» **Task brief**
With the images removed, transcribe the listing that follows exactly.

» **Dataset section**
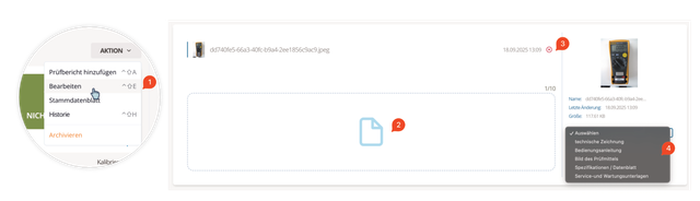 Klicken Sie zuerst auf das Aktions-Menü und dann auf Bearbeiten (1). Alternativ können Sie auch einen Hotkey benutzen, um in den Bearbeitungsmodus zu gelangen. Laden Sie nun alle sonstigen Dokumente hoch, die für Sie zu einer vollständigen Prüfmitteldokumentation gehören (2). Ziehen Sie Ihre Dokumente in diese Ablage hinein oder klicken Sie in die Mitte der Ablage.
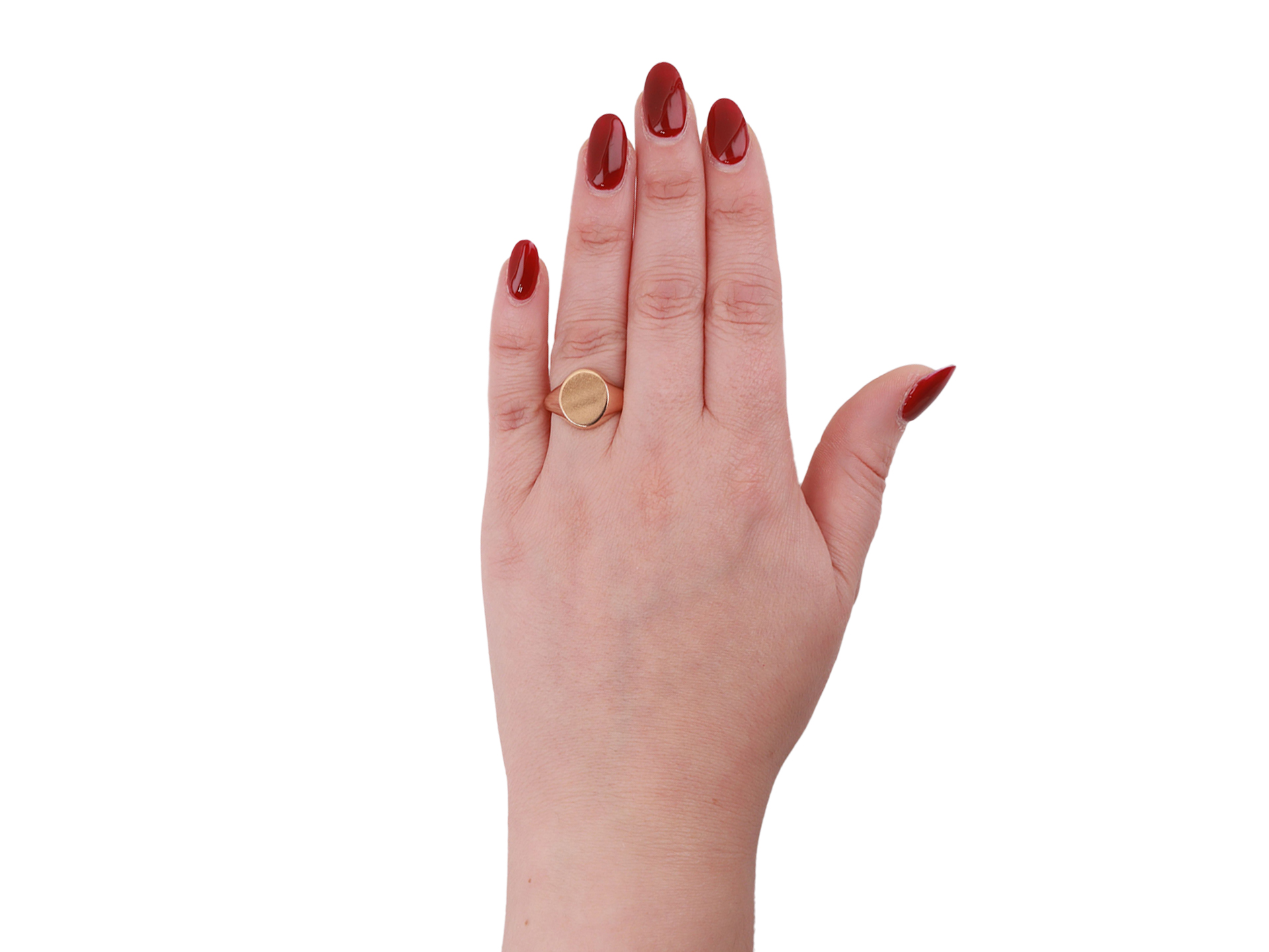 Rose gold signet ring.
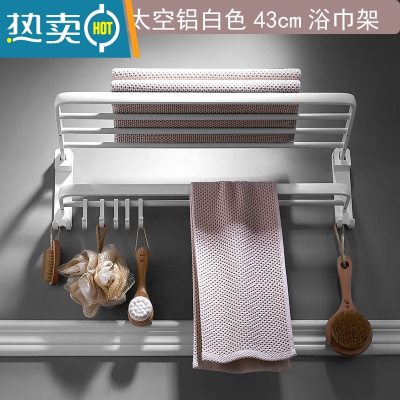 敬平白色浴巾架毛巾架免打孔太空铝浴室卫生间置物架卫浴挂架折叠架子 简约*可折叠-白色*43cm 打孔/免钉双安浴室置物架

» **Output of the exercise**
 Klicken Sie zuerst auf das Aktions-Menü und dann auf Bearbeiten (1). Alternativ können Sie auch einen Hotkey benutzen, um in den Bearbeitungsmodus zu gelangen. Laden Sie nun alle sonstigen Dokumente hoch, die für Sie zu einer vollständigen Prüfmitteldokumentation gehören (2). Ziehen Sie Ihre Dokumente in diese Ablage hinein oder klicken Sie in die Mitte der Ablage.
 Rose gold signet ring.
 敬平白色浴巾架毛巾架免打孔太空铝浴室卫生间置物架卫浴挂架折叠架子 简约*可折叠-白色*43cm 打孔/免钉双安浴室置物架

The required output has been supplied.